III – L’issue du combat et la défaite de Camille.
(De « Laurent secouait toujours Camille
» à « jetant des cris de plus en plus sourds
. »)
Enfin, la tension dramatique atteint un climax. Après les descriptions pathétiques des paragraphes précédents, le narrateur fait appel au registre épique.
Le déséquilibre entre Laurent et Camille, avec Laurent tenant Camille à bout de bras, ne peut manquer d’évoquer dans l’esprit du lecteur les images de géants célèbres. Le choix du verbe « secouer », plutôt utilisé s’agissant d’objets inanimés, ainsi que du verbe « arracher » accentue encore davantage la violence de la scène.

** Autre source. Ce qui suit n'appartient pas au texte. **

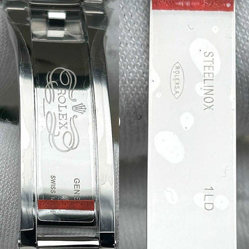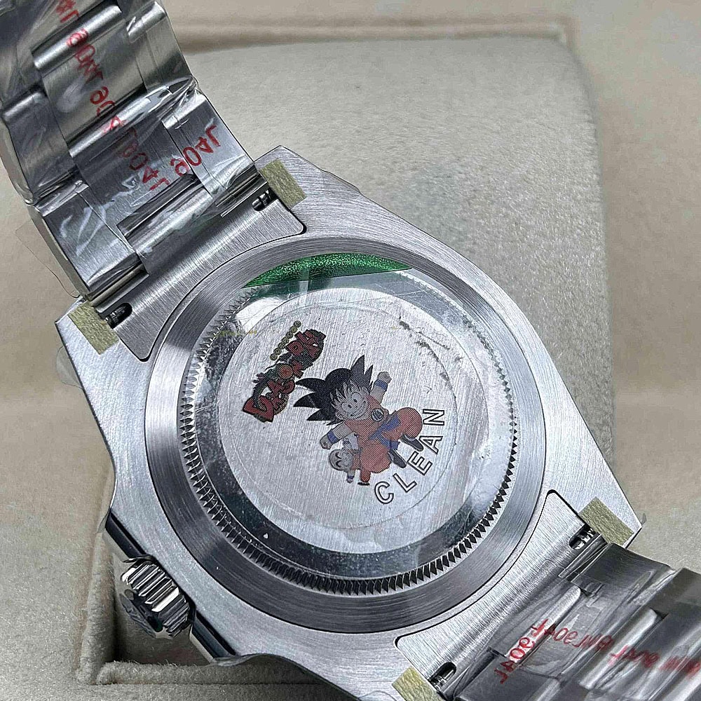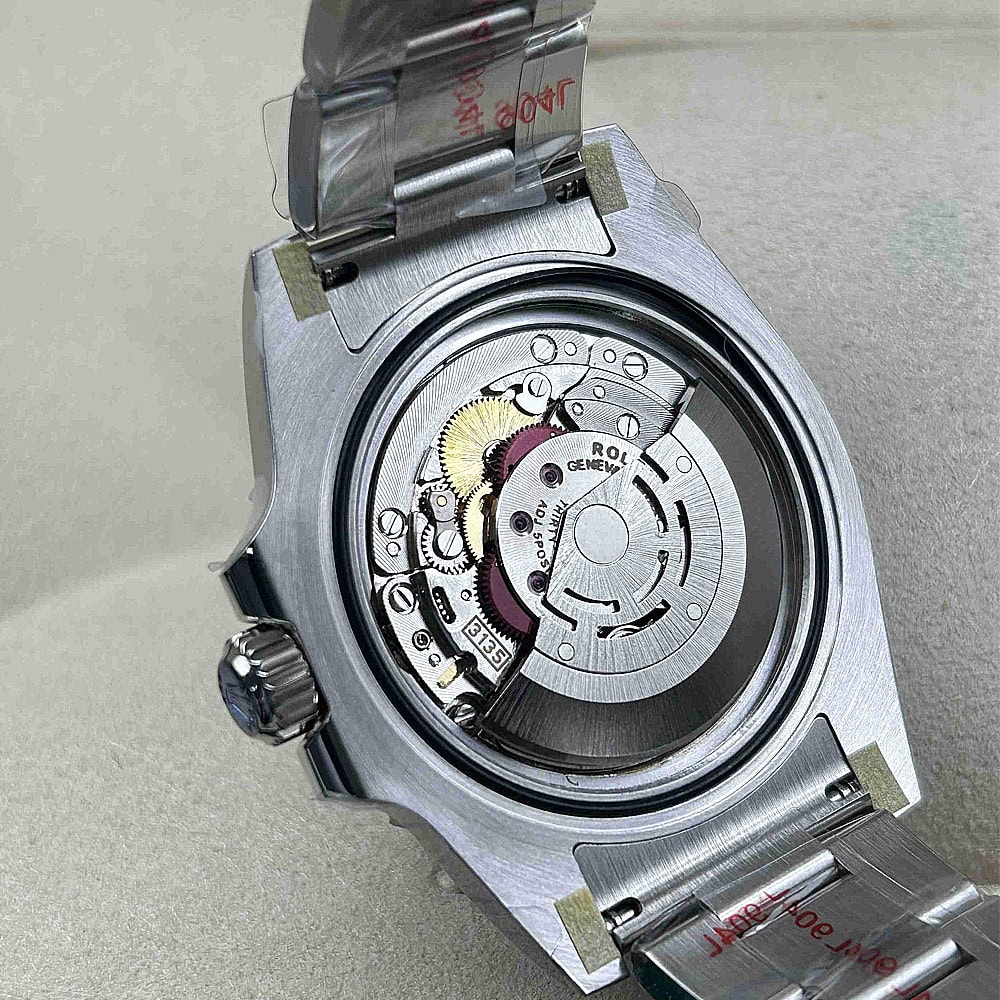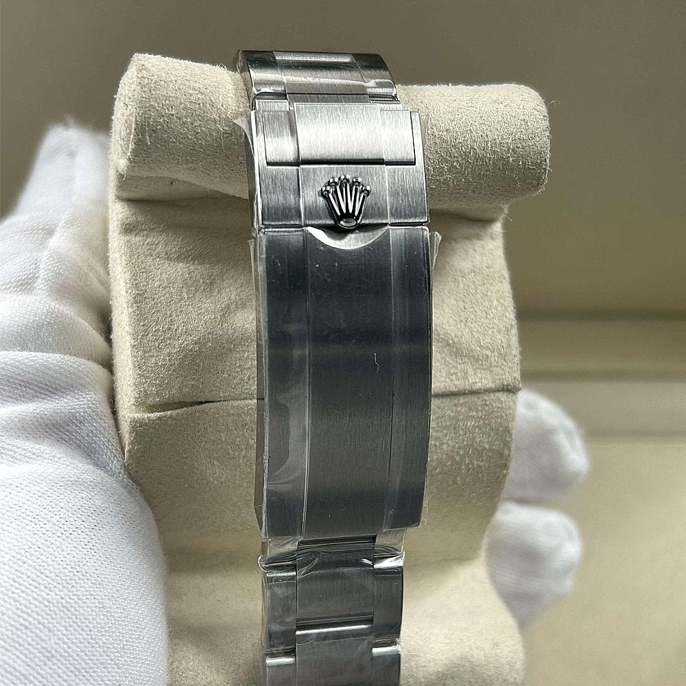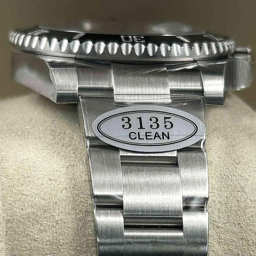ケース:クリーンファクトリーが製造した40mmの一体型904Lステンレス製モノブロックで、本物のロレックスステンレスに一致しています。20mmのラグスペーシング幅を備え、ねじり込み式のケースバックと巻き上げリューズも付属しています。内側のROLEXレーザー刻印が本物の証明となり、DLCスクラッチ防護コーティングで耐久性が確保されています。寸法と重量は本物のロレックス時計と100%同一で、パーツの交換がシームレスに可能です。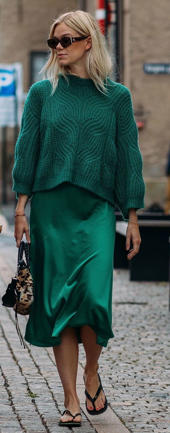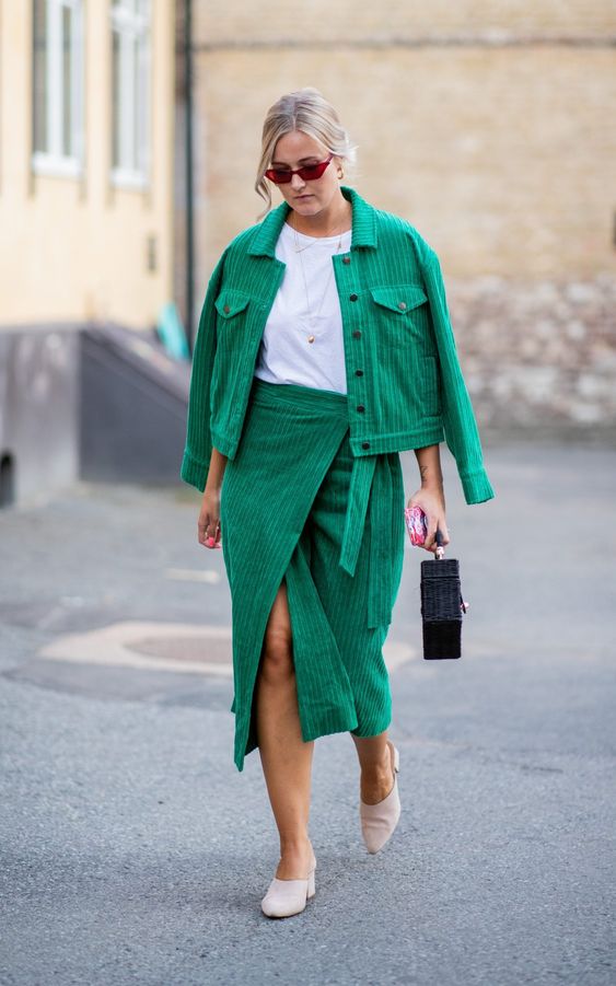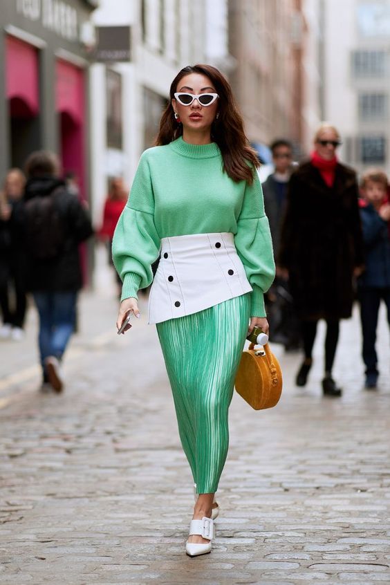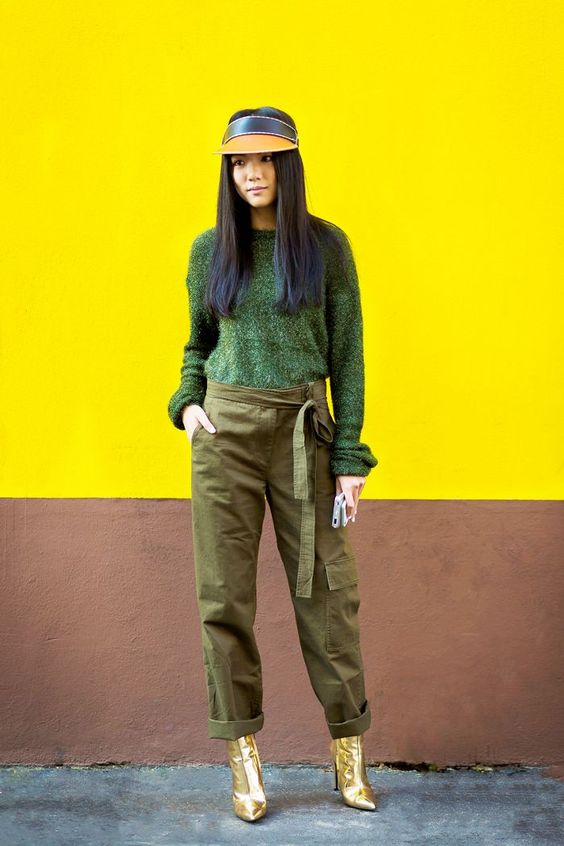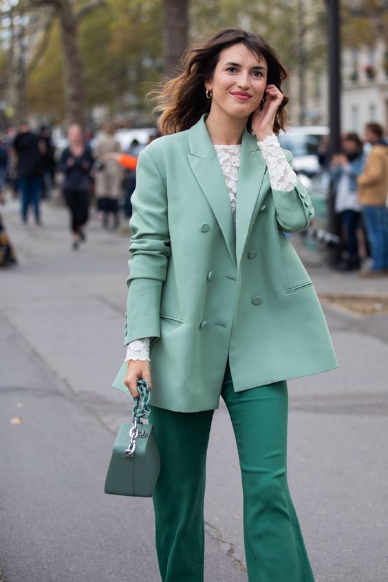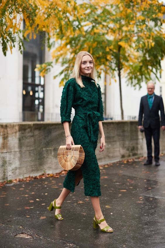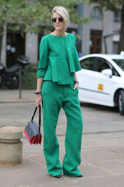 Are you ready for fashionable green outfits? Make you look more fresh and stylish. Here we present a variety of solid matching with perfect green. Starting from pants, skirts, dress, blezer, you will love. Let’s take a look, and find your favorite that you can copy.

En désignant Laurent et Camille par les substantifs de « victime » et « meurtrier », le narrateur fait culminer la tension dramatique du passage.
Le geste de Camille qui mord Laurent contribue à le déshumaniser, en le rapprochant d’un animal. En outre, le détail macabre du « morceau de chair » évoque l’idée de l’anthropophagie.
Enfin, la mort de Camille est décrite de manière détournée, euphémistique. C’est simplement la formule « jetant des cris de plus en plus sourds
» qui indique qu’il est en train d’agoniser.
Thérèse Raquin, chapitre 11, Conclusion
Émile Zola fait du récit du meurtre de Camille un passage d’une grande intensité dramatique en utilisant les ressources que sont les changements de points de vue, l’ironie dramatique et la description minutieuse pleine de détails macabres et effrayants.
Ce sont justement ces détails qui vont revenir hanter les deux amants dans la suite du roman.